[A2k] Oh Geez . . . Prior Art was Dismissed Based on *Processor!*
seth.p.johnson at gmail.com
Wed Aug 29 02:55:36 PDT 2012
. . . in the Apple v Samsung case:
This guy is now going to become the poster child for "IP Delusion."
We're being encouraged to act like imbeciles just trying to sound reasonable:
Just listen -- especially close at 2m50s up to 4m. He literally has
the genius insight of making up a principle to break a stalemate on
how they understood prior art, based on the "epiphany" that the
software on the Apple could not run on the "prior art" -- the hardware
that the demonstrated prior art ran on -- and vice versa.
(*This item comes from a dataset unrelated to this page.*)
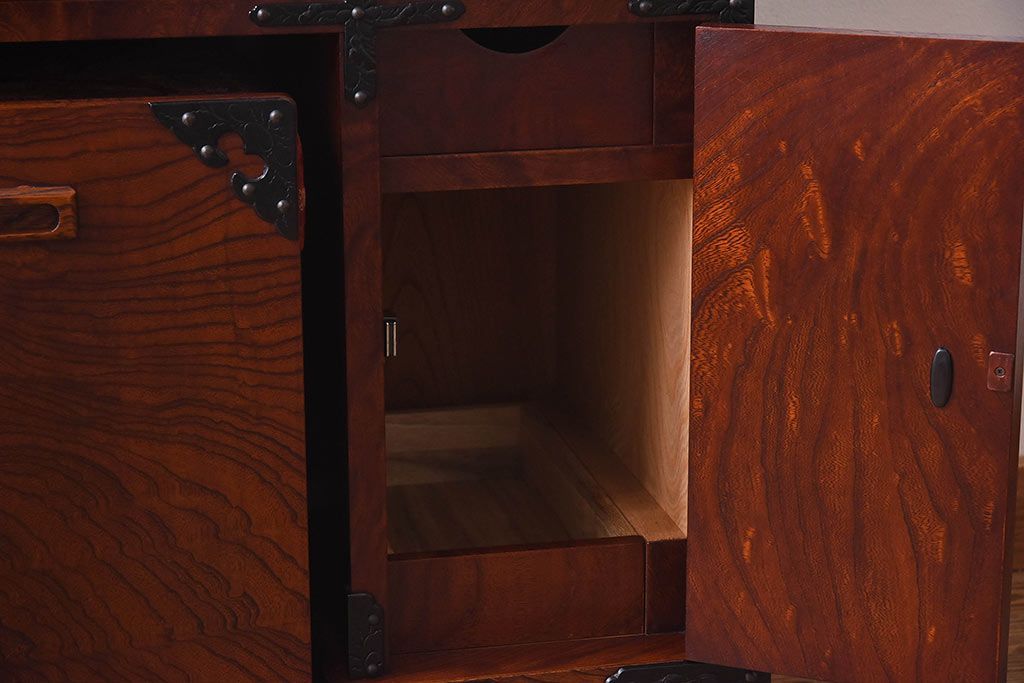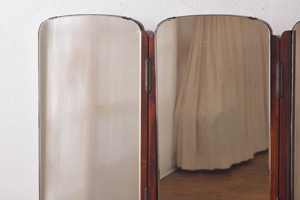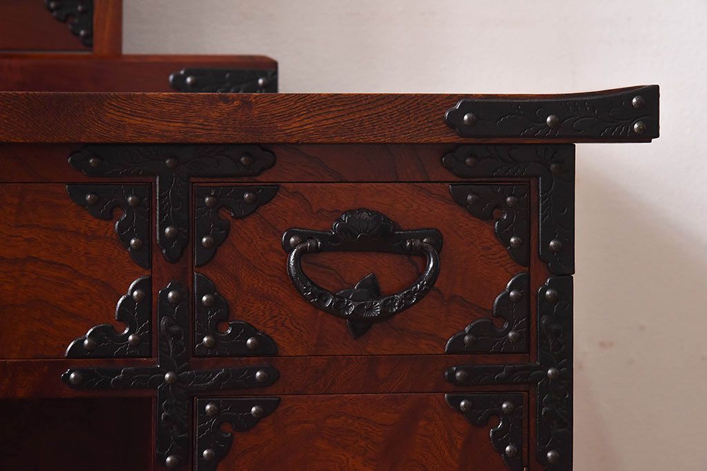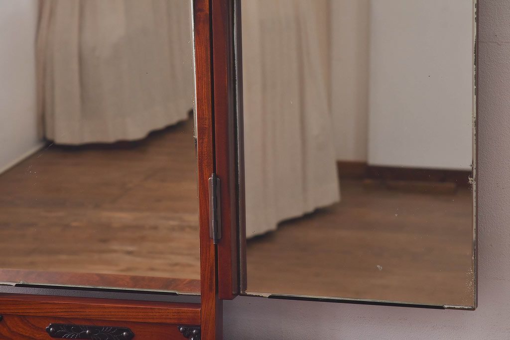 ラフジュ工房> ドレッサー・鏡台 > 中古 岩谷堂箪笥 スツール付き 金具の装飾が見事な三面鏡(鏡台、ドレッサー)

Listen to just before that, from 1m30s on, too -- he addresses the
prior art in terms of the "patent prosecution process" and in a
mealy-mouthed attempt to represent the issue they had, describes it as
how prior art could render a patent acceptable (!) or not -- then he
literally states that he "decided" he could represent the matter best
by saying how it would work if it were his own patent.
But listen to the whole thing to see the complete screwiness of the
reasoning that went on.
Aren't we now about to get a clamor for cluefulness on how exclusive
rights policy is represented? Aren't we about to denounce this whole
proceeding? Poor guy, I have to say, but -- dang!